### WHAT THIS TASK INVOLVES
In the listing below, find the line with "uso en interiores" and copy every line from there up to and including the line with "As rimas cantadas, o", exactly and without pictures.
# # # #
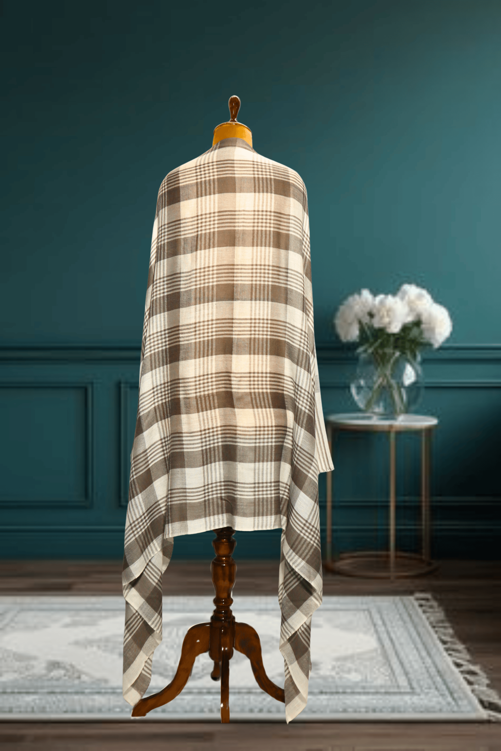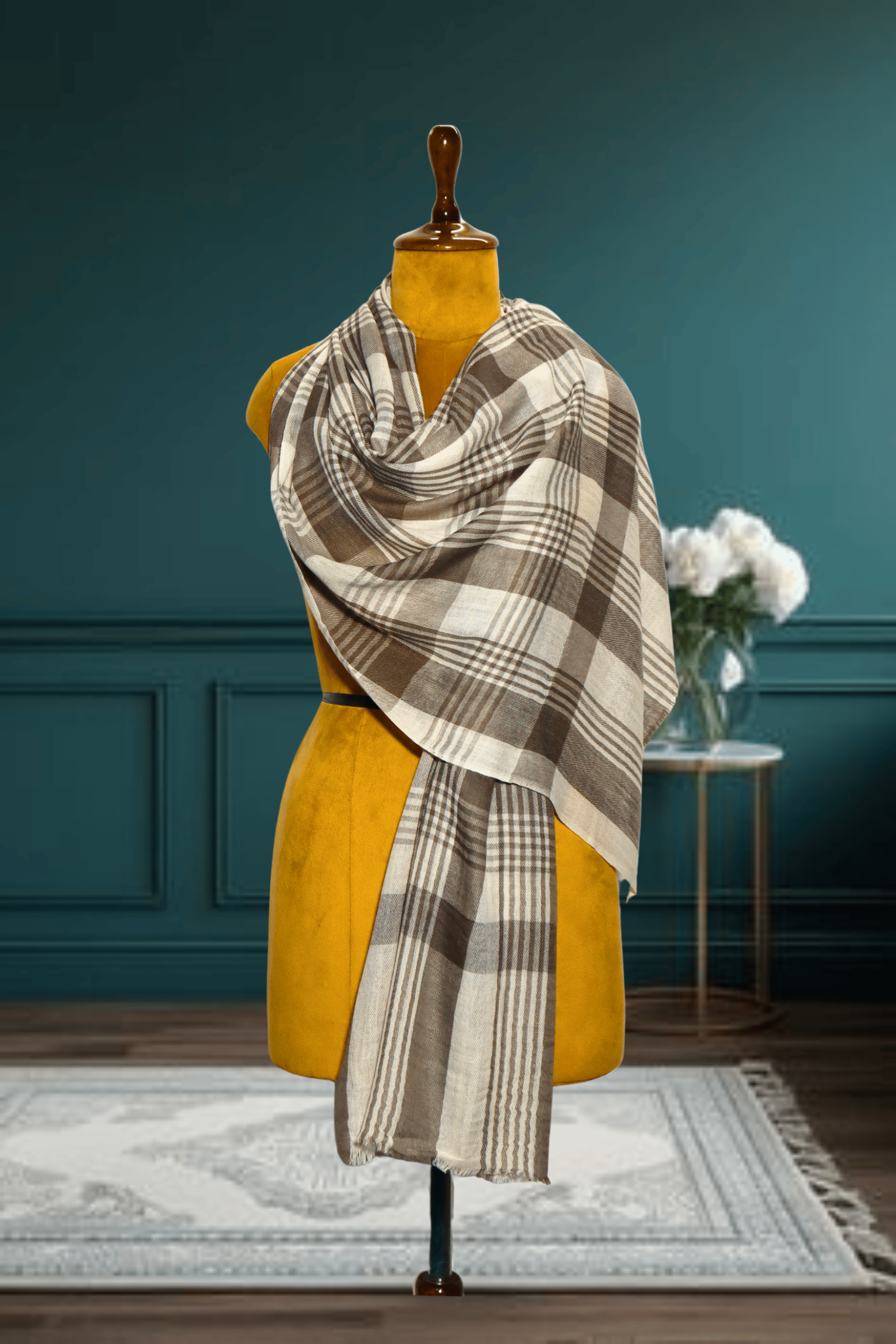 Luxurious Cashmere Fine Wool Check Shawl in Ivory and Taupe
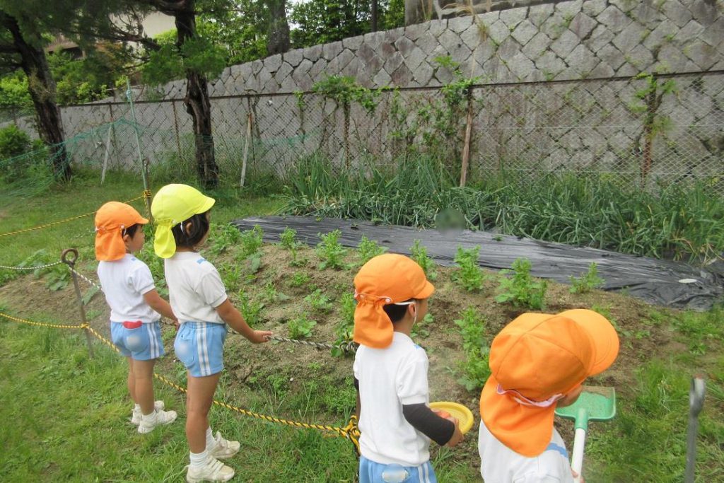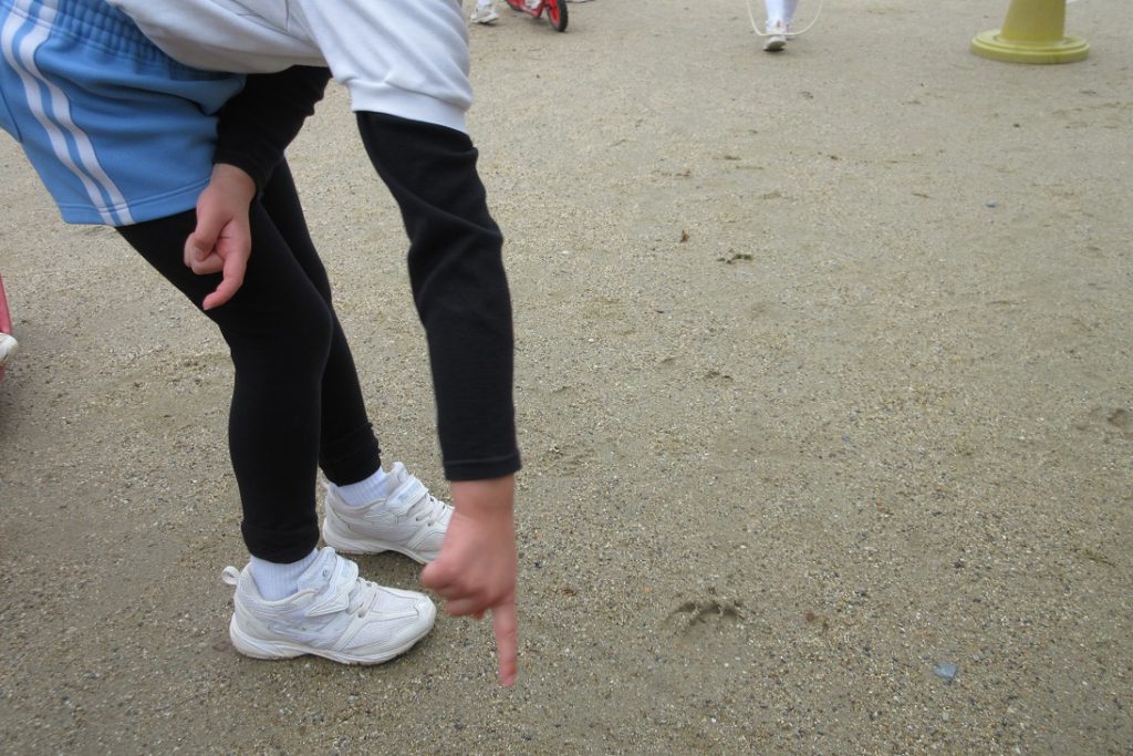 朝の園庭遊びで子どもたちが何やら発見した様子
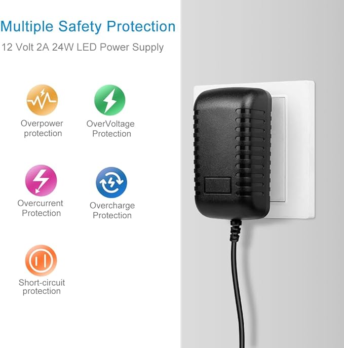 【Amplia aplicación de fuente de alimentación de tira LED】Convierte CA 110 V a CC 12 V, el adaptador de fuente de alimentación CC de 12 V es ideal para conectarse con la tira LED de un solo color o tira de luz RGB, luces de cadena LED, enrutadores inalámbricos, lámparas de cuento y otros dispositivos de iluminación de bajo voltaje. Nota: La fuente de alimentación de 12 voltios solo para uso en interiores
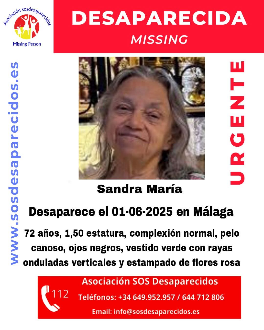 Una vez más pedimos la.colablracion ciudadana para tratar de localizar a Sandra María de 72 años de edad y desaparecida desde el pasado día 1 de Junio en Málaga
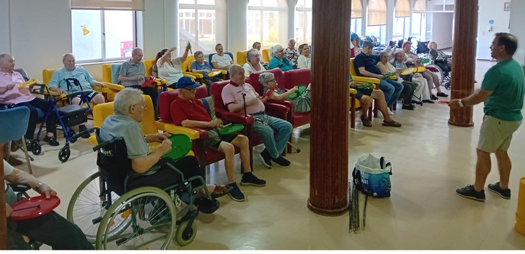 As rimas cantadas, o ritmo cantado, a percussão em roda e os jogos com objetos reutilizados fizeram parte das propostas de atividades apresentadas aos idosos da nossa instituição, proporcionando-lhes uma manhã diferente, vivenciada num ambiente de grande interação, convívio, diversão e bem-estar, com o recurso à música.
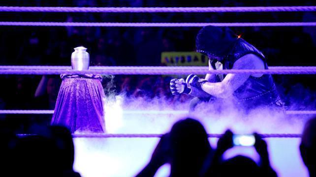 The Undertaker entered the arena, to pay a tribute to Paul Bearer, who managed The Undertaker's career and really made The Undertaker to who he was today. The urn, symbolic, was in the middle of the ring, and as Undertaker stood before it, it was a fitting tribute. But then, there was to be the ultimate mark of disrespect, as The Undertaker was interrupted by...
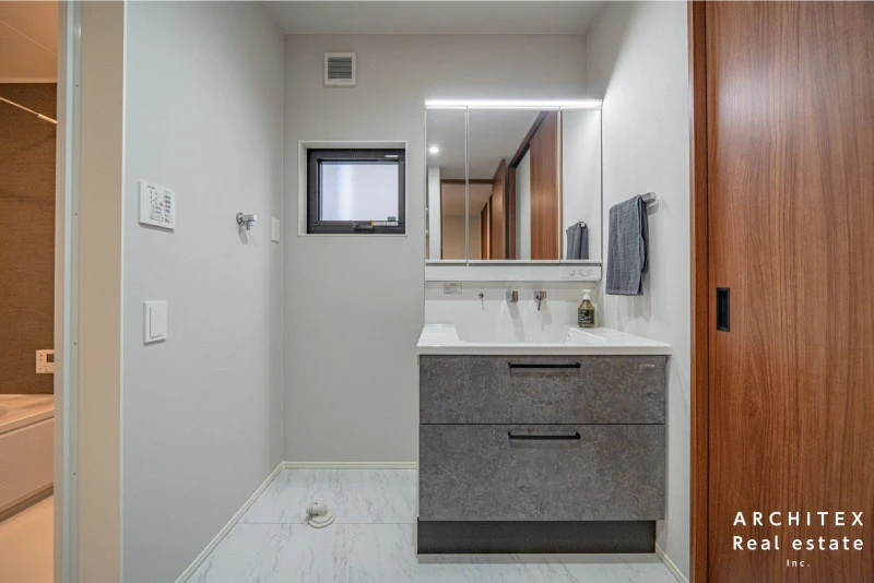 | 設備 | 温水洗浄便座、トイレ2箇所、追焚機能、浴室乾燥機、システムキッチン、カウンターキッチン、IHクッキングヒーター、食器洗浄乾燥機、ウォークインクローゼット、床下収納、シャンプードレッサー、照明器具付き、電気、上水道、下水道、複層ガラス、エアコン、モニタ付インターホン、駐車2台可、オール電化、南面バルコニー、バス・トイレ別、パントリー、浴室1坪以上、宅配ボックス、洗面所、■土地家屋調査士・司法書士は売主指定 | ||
# # # #
### RESPONSE TO THIS EXERCISE
 【Amplia aplicación de fuente de alimentación de tira LED】Convierte CA 110 V a CC 12 V, el adaptador de fuente de alimentación CC de 12 V es ideal para conectarse con la tira LED de un solo color o tira de luz RGB, luces de cadena LED, enrutadores inalámbricos, lámparas de cuento y otros dispositivos de iluminación de bajo voltaje. Nota: La fuente de alimentación de 12 voltios solo para uso en interiores
 Una vez más pedimos la.colablracion ciudadana para tratar de localizar a Sandra María de 72 años de edad y desaparecida desde el pasado día 1 de Junio en Málaga
 As rimas cantadas, o ritmo cantado, a percussão em roda e os jogos com objetos reutilizados fizeram parte das propostas de atividades apresentadas aos idosos da nossa instituição, proporcionando-lhes uma manhã diferente, vivenciada num ambiente de grande interação, convívio, diversão e bem-estar, com o recurso à música.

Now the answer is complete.